The first movement represents two-thirds of the entire concerto, and is in a modified sonata-allegro form with a thirty-bar introduction and a cadenza linking the end of the recapitulation to the coda. The movement is modal, predominantly in E Phrygian with excursions to F and G, eventually returning to E Phrygian but with a final cadence on the subdominant, A.

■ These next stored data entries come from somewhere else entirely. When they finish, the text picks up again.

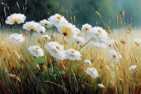 Poster Fiori bianchi in un prato in stile olio Nr f44842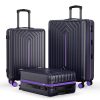 3 Piece ABS Luggage Set, Luggage with Spinner Wheel & TSA 20/24/28 inch, Purple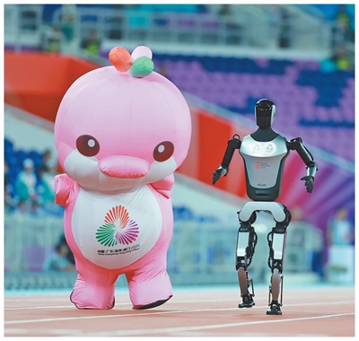 十五运会赛场,吉祥物与机器人互动。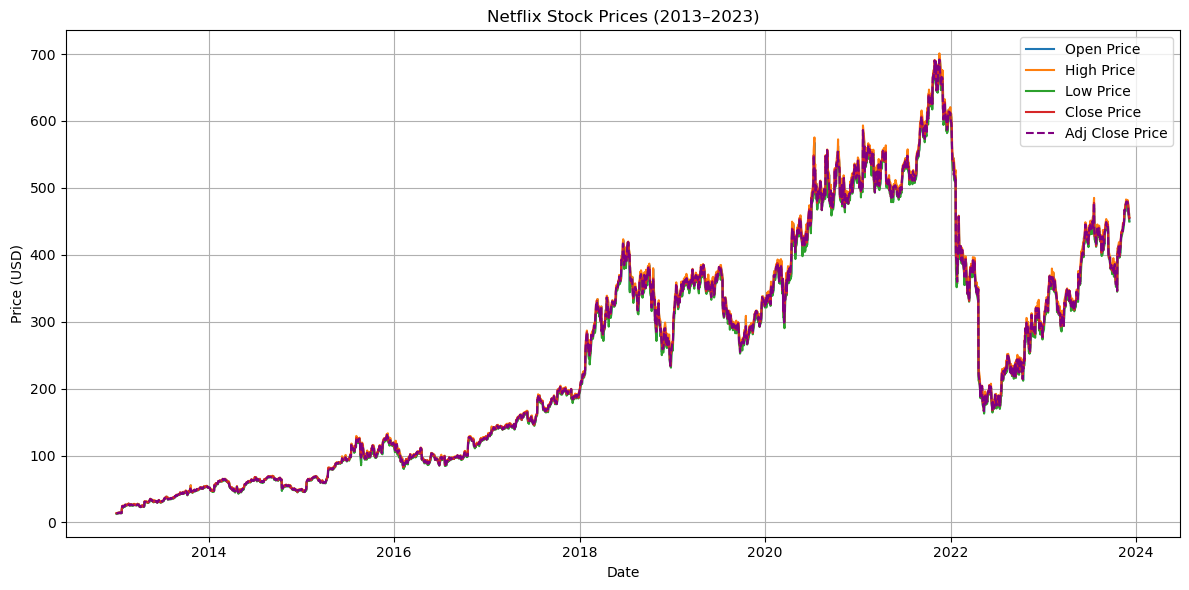 从图里能看明白:2013-2021年Netflix股价一路涨,2021年到峰值后开始落;而且调整后收盘价(紫色虚线)和收盘价几乎重合——说明这10年没拆股等大动作,数据稳定性超棒,不用额外处理!

The second, slow movement has two main parts, which are preceded by an introduction and concluded with a canonic coda. Harmonically the movement is dominated by quartal harmonies, anchored over pedals of A (bridging from the first movement), D (beginning with and continuing through most of the second section), and G from b. 1221 to the end of the movement. Motivic material is closely related to that of the first movement.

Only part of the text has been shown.